Профессор Уотсон говорит: «Я бы выбросил образы совсем и попытался показать, что все естественное мышление происходит в терминах сенсомоторных процессов в гортани». Этот взгляд кажется мне прямо противоречащим опыту. Если вы попытаетесь убедить любого необразованного человека, что она не может вызвать визуальную картину друга, сидящего в кресле, а может использовать только слова, описывающие, на что было бы похоже такое событие, она заключит, что вы сумасшедший. (Это утверждение основано на эксперименте.) Гальтон, как всем известно, исследовал визуальные образы и обнаружил, что образование имеет тенденцию убивать их: члены Королевского общества оказались имеющими их гораздо меньше, чем их жены. Я не вижу причин сомневаться в его выводе, что привычка к абстрактным занятиям делает ученых людей гораздо более низкими, чем средний уровень, в способности к визуализации и гораздо более исключительно занятыми словами в своем «мышлении». И профессор Уотсон — очень ученый человек.

Я впредь буду исходить из того, что существование образов признано и что они должны отличаться от ощущений по своим причинам, а также, в меньшей степени, по своим следствиям.

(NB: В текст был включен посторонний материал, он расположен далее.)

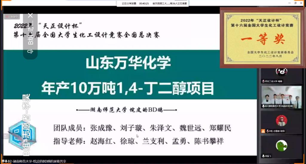 8月21日至22日,由中国化工学会、中国化工教育协会主办,华东理工大学承办的2022年“天正设计杯”第十六届全国老员工化工设计竞赛全国总决赛以线上形式举行。2019级本科生参赛队斩获全国一等奖。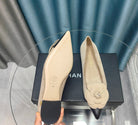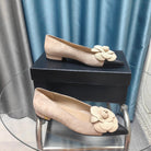 CC BALLET FLAT IN TAN BEIGE SUEDE AND BLACK CALFSKIN WITH FLOWER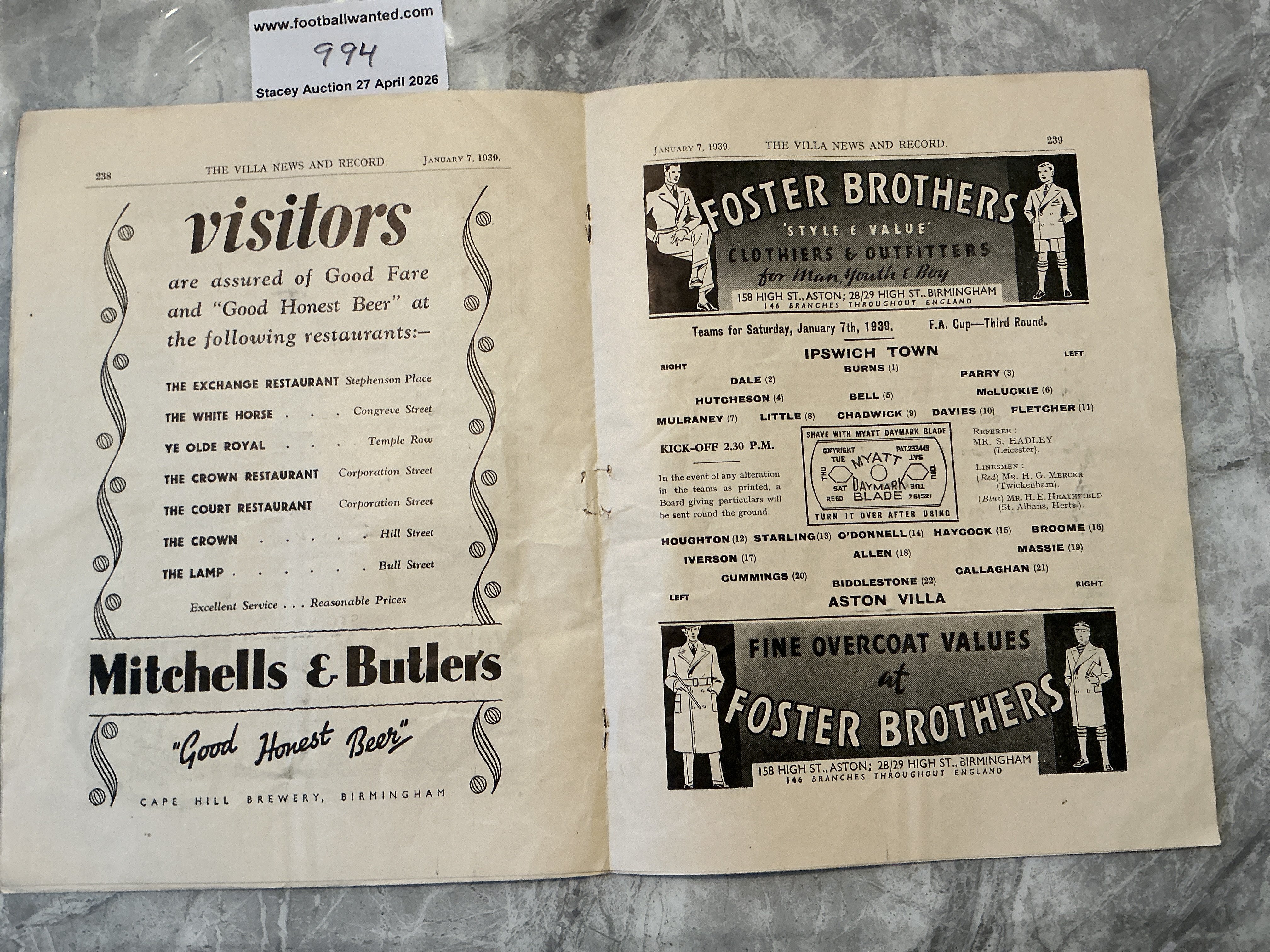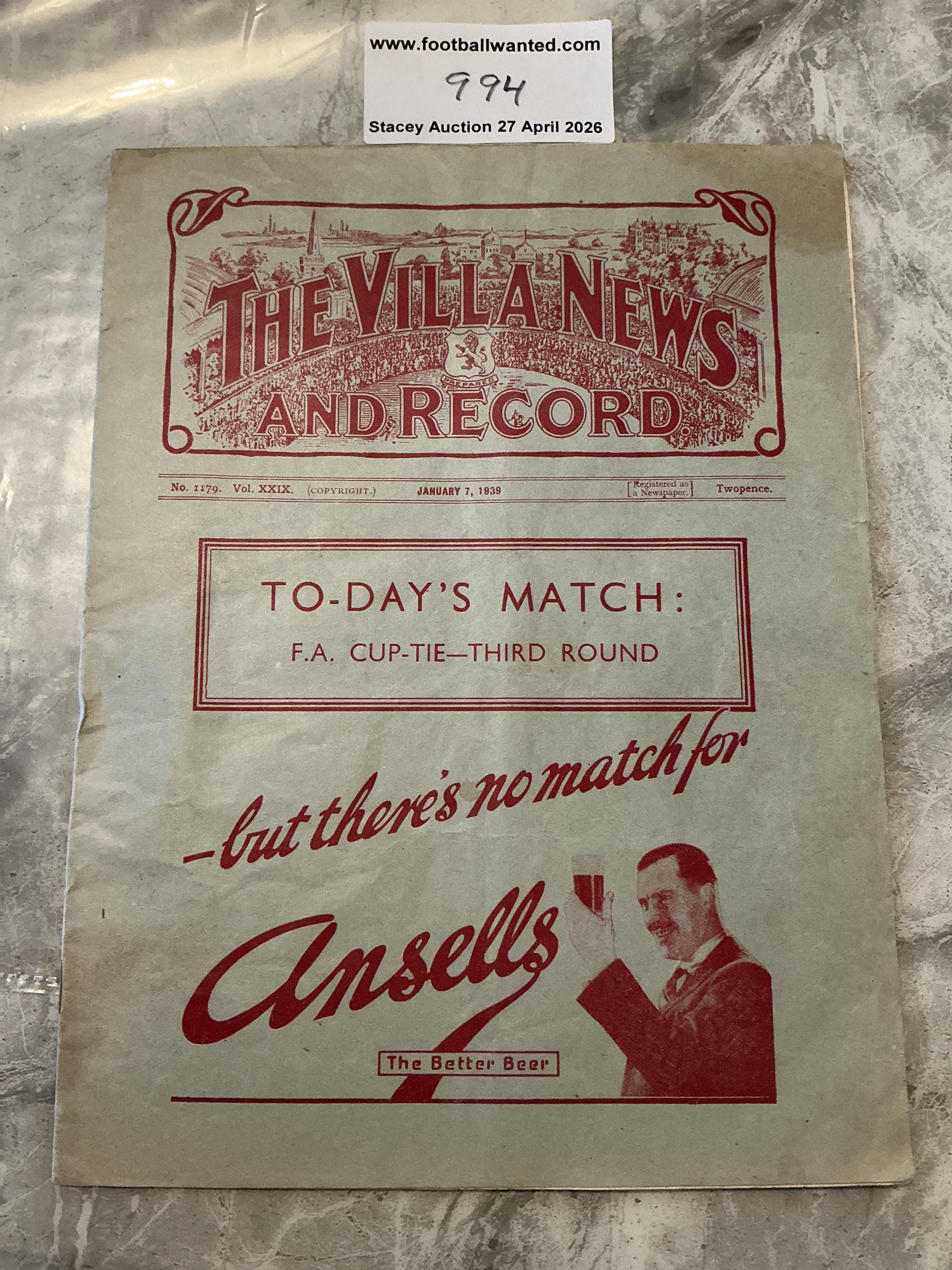 38/39 Aston Villa v Ipswich Town FA Cup Football Programme: Very good condition with no team changes.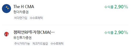 The H CMA 현대차증권 - 증권사 cma통장 금리비교
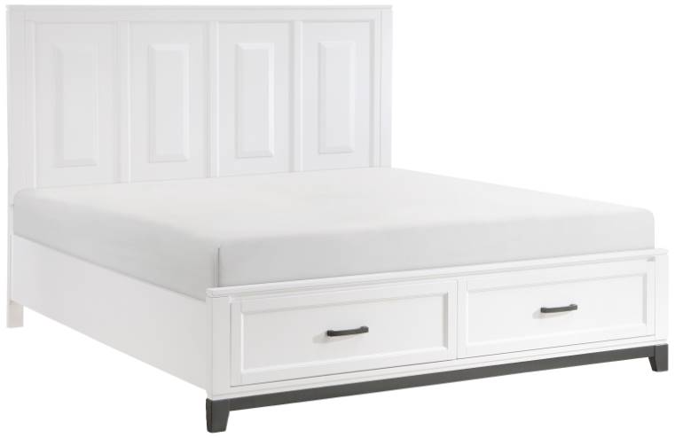 The Garretson Collection blends transitional lines with rustic styling to create an elegant addition for your bedroom. The distinct grain features a 2-tone finish. The California King bed features metal bar hardware on the picture frame drawer fronts of the low-profile storage footboard.Read More

По своей внутренней природе, хотя они часто отличаются от ощущений тем, что являются более тусклыми, расплывчатыми или слабыми, все же они не всегда или не повсеместно отличаются от ощущений каким-либо образом, который можно использовать для их определения. Их приватность не должна создавать препятствий для научного изучения их, не больше, чем приватность телесных ощущений. Телесные ощущения признаются даже самыми суровыми критиками интроспекции, хотя, подобно образам, они могут наблюдаться только одним наблюдателем. Должно быть признано, однако, что законы появления и исчезновения образов мало известны и трудны для обнаружения, потому что нам не помогает, как в случае ощущений, наше знание физического мира.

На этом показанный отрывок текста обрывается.